This article assumes you've read most of the The Rust Programming Language book.

Pre-Introduction§

There are mainly two styles of error handling you'll need using Rust, or for that matter, most languages:

• Application level error handling, where you don't care as much about handling errors than propagating them.
• Library level error handling, where it's imperative that you have neat errors that you can return.

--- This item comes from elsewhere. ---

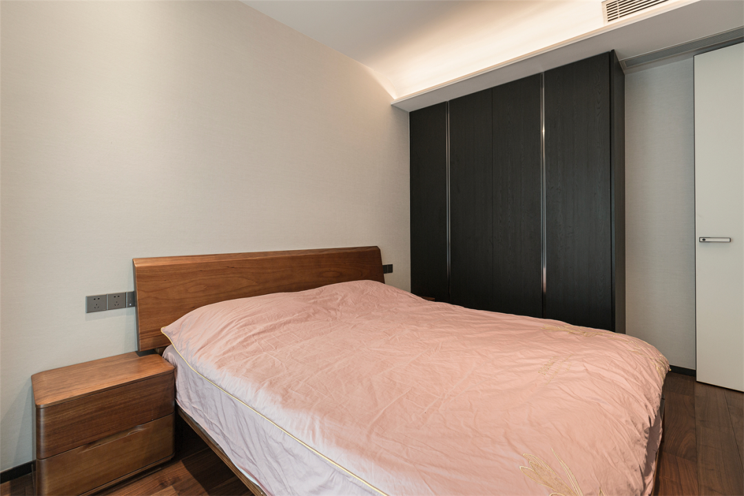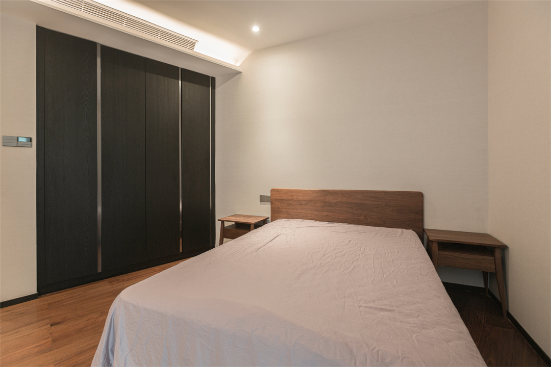 利用墙面嵌入衣柜,子母隐藏拉手,一通到顶的银色元素,显得简约大气,于细微处增加设计感。另一面墙不做过多装饰,简单刷漆,樱桃木占据床头,不固定边几为空间提供更多可能。

The rest of the article is written with the second perspective. What follows is not definitive practice - I'd actually instead recommend anyhow for the first need, and thiserror for a less-opinionated library for the second need, along with snafu for a more opinionated version.

What follows is more of an evolution of practices than anything else.

Introduction§

Let's take the example of a command-line app we're developing. Any good command-line app needs a configuration file to toggle behavior. Let's write some code for that.

lib.rs

pub mod config;

config.rs

pub struct Config {
    pub name: String,
}

To write a function that returns Config, we'll have to:

1. Open the file that's passed to us (take a std::fs::Path) and read it (with the std::fs::File struct).

2. Parse the file as JSON and deserialize into Config. (We'll use the excellent serde and serde_json libraries)

To use serde and serde_json, we'll add them to our dependencies.

cargo.toml

[dependencies]
serde = { version = "1.0.137", features = ["derive"] }
serde_json = "1.0.81"

read_file§

We first write a read_file function:

fn read_file (path: &Path) -> Result<Vec<u8>, std::io::Error> {
    let mut f = File::open(&path)?;
    let mut buf = Vec::new();
    f.read_to_end(&mut buf)?;
    Ok(buf)
}

It uses the ? operator to "early-return" in the case of an error. In this case, we use io::Error in the return type since that's what both the functions we call use.

config_file§

We then write our config_file function, which calls read_file to get a buffer it can then deserialize with serde_json into Config.

Before that, we'll need to derive Deserialize for Config in order to use serde_json

#[derive(Deserialize)]
pub struct Config {
  pub name: String    
}

We'll define a custom error type which is an enum of both of our possible errors.

#[derive(Debug)]
pub enum ConfigError {
    FileError(io::Error),
    DeserializeError(serde_json::Error)
}

This enum pattern has some notable limitations, and in extreme cases can form an anti-pattern. We'll discuss that later.

We use this as the Err type in our return value.

pub fn config_file (path: &Path) -> Result<Config, ConfigError> {
    let buf = read_file(path)?;
    let conf = serde_json::from_slice(&buf)?; // deserializes bytes into Config
    Ok(conf)
}

The From trait for Errors§

The above snippet doesn't quite work: read_file returns a Result with an error type of io::Error, and serde_json::from_slice returns serde_json::Error.

We can't use the ? operator here to return an Error since the function returns a Result with the error type ConfigError. One way we can make this work is using the From<T> trait for our error types.

1
#[derive(Debug)]
2
pub enum ConfigError {
3
    FileError(io::Error),
4
    DeserializeError(serde_json::Error)
5
}
6

7
impl From<serde_json::Error> for ConfigError {
8
    fn from(e: serde_json::Error) -> Self {
9
        Self::DeserializeError(e)
10
    }
11
}
12

13
impl From<io::Error> for ConfigError {
14
    fn from(e: io::Error) -> Self {
15
        Self::FileError(e)
16
    }
17
}

Great!

Encoding Relevant Information in ConfigError§

Next, let's try using our interface.

main.rs

use error_demo::config::config_file;

fn main () {
	let conf = config_file("config.json").unwrap();
	println!("{}", conf.name);
}

This errors. No surprise, because I haven't really made a config.json file yet.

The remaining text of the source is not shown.